Jains believe that the cosmos contains an infinite number of immaterial and indestructible souls (jivas). In common with other Indic traditions, the Jains also believe that each soul is reborn after death, and that the type of body it inhabits depends on the moral character of its deeds in past lives. According to Jainism, souls exist in every cranny of the cosmos: they inhabit the bodies of deities, humans, the inhabitants of hell, and plants and animals, and are also present in earth, water, fire, and air. Because the cosmos was never created, each soul has been wandering from one embodied state to another from beginningless time, and will continue to do so for infinite time to come unless it achieves liberation.

The cause of the soul's bondage is karma (action), which in other Indic religious traditions refers to the process by which one's good or bad acts give rise to consequences to be experienced in one's present or subsequent lives.
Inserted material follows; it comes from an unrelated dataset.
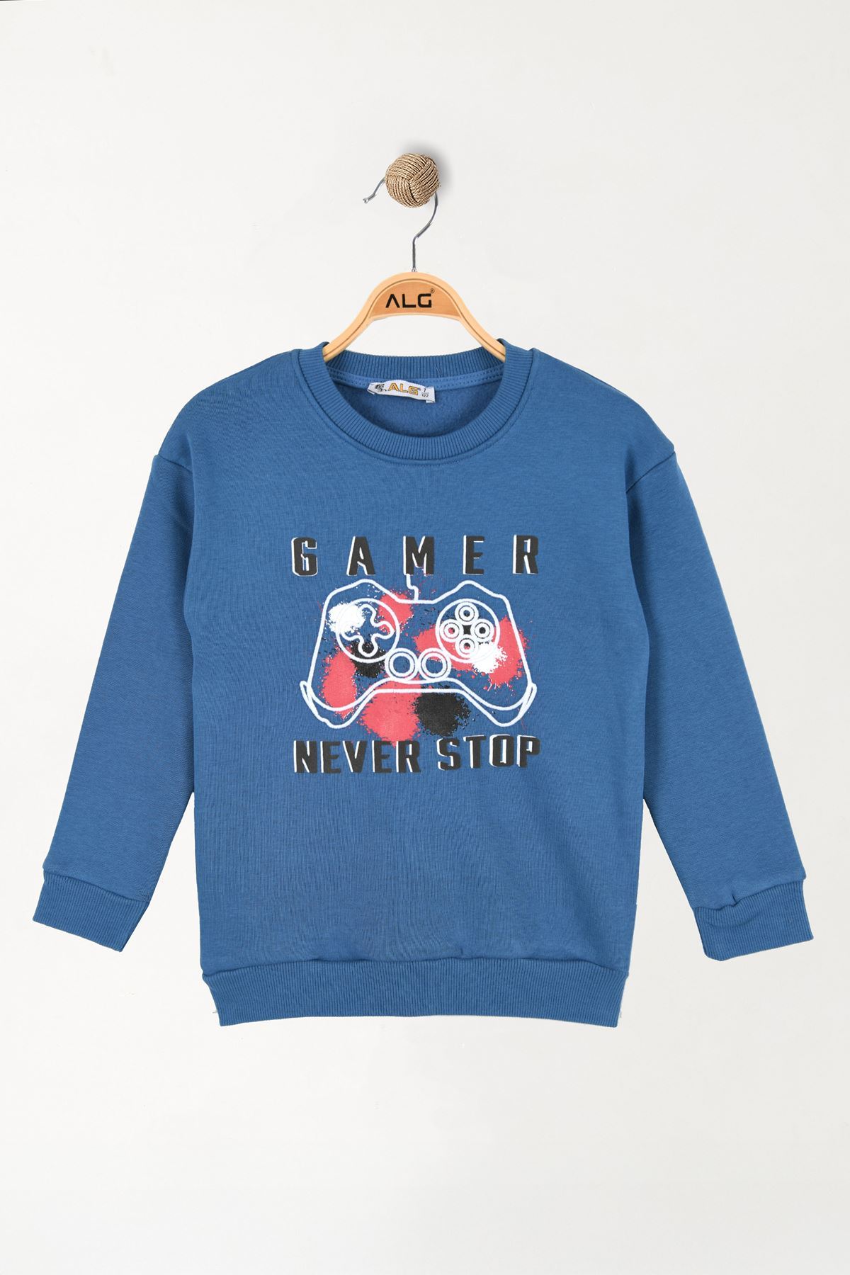 6-9 Yaş 3 İp Şardonlu Sweatshirt Mavi - 2264219.1576.

The Jains, however, maintain that karma is an actual material substance (often likened to a kind of dust) that pervades the cosmos; it adheres to the soul, and the encumbrance of accumulated karmic matter is responsible for the soul's continuing rebirth. Karmic matter is drawn toward the soul by volitional actions, and its adhesion to the soul is a consequence of the emotional state of the actor. The passions, especially those of desire and aversion, create a moisture-like stickiness that causes karmic matter to build up on the soul.

To achieve liberation, therefore, one must avoid attracting more karmic matter and shed one's already existing accumulations. This is a complex and arduous process that begins with the awakening of faith in Jain teachings and ends with the removal of the last vestiges of the soul's burden of karmic matter. The liberated soul then rises to the abode of liberated souls at the top of the cosmos, where it will exist for all of endless time to come in a condition of omniscient bliss.
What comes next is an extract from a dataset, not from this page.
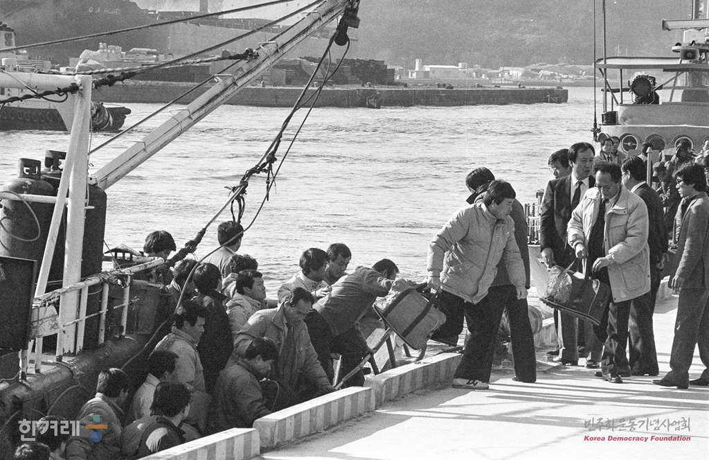 - 1989년 2월 12일 오후 3시20분 지난달 28일 백령도 부근에서 조업중 납북됐던 인천항 선전 제 37,38 태양호 두 어선과 선원 22명이 15일만에 인천항으로 귀환한 선원들이 마중나온 가족에게 손을 흔들며 재회를 하고 있다.

Avoiding violence is essential to one's progress toward liberation. Because violent actions are associated with the passions that contribute to the influx and adhesion of karmic matter, Jains are strongly committed to nonviolence (ahimsa). At a minimum, Jains should be vegetarian. Observant Jains avoid even vegetarian foods deemed to involve excessive violence in their acquisition or preparation. Root vegetables such as potatoes are proscribed because they are believed to contain multiple souls. Such restrictions are most onerous for monks and nuns who are debarred from activities that run the risk of harming even the humblest and most microscopic of living things. Lay Jains have been attracted to business precisely because buying, selling, and banking are activities that do not involve physical violence.
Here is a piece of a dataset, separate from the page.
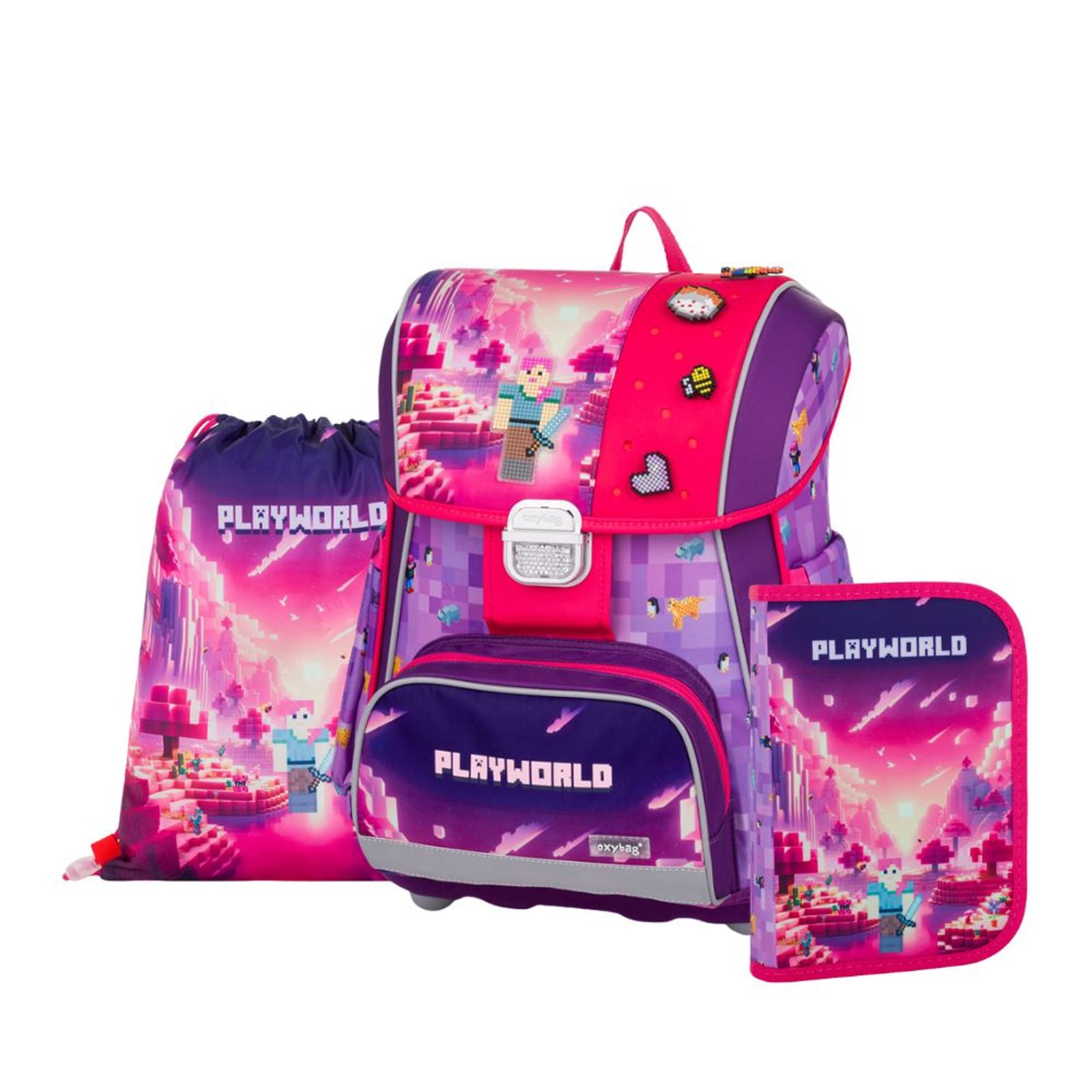 Aktovka: Školní aktovka z řady Premium je anatomicky tvarovaná a zajišťuje tak správné usazení na zádech. Vyztužená záda a vnitřní výztuha udržují stálý tvar batohu. Polstrování je z příjemného prodyšného materiálu, široké měkčené popruhy jsou navrženy tak, aby dokonale přilnuly a rovnoměrně zatížily ramena dítěte. Aktovka se skládá z jedné prostorné komory, kam se pohodlně vejdou všechny školní pomůcky pro děti v 1. a ve 2. třídě. Dno batohu je z pevného materiálu, chrání tím obsah před převržením a vysypáním. Zapínání je na bezpečnostní kovovou přezku s reflexní odrazkou. Přední kapsička je určena na svačinu, nechybí řada reflexních prvků, díky kterým je aktovka viditelnější. Délka zádového panelu: 33 cm. Objem: 27 l. Nosnost: 8 kg. Sáček: Praktický sáček na cvičky nebo přezůvky do školy. Uzavírá se snadno stažením šňůrek. Penál: Jednopatrový školní penál se dvěma chlopněmi bez náplně. Gumová poutka k uchycení psacích potřeb. Na vnitřní chlopni je průhledná fólie na rozvrh hodin.

Ascetic practice is also essential to the attainment of liberation. Often likened to a fire that burns away karmic matter, ascetic practice subdues harmful passions that bring about the influx and adhesion of karmic matter and removes already existing karmic accumulations. Jain mendicants are renowned for the severity of their asceticism, and even lay Jains are expected to engage in periodic fasts and other ascetic practices.

The Jains maintain that the truth of their beliefs is guaranteed by the omniscience of their teachers. Known as tirthankaras ("ford-makers") or jinas, they are human beings who attained omniscience by their own efforts and without the guidance of other teachers, and who, before becoming fully liberated, imparted liberating knowledge to others. The Jains maintain that our section of the cosmos is subject to an eternally repeating cycle of world improvement and decline. Each ascent and descent is immensely long, and in each cycle exactly twenty-four tirthankaras successively appear. We are currently nearing the end of a descending era, and Mahavira was the twenty-fourth and hence the final tirthankara of our era and part of the cosmos. No new tirthankaras will appear until the next ascending period.

The concept of omniscience, seen as a natural quality of the soul when unoccluded by karmic matter, underlies Jainism's celebrated doctrine of epistemological relativity. Known as syadvad (the doctrine of "may be"), it holds that in contrast with omniscient knowledge, which incorporates all points of view simultaneously, ordinary knowledge discloses only partial glimpses of reality.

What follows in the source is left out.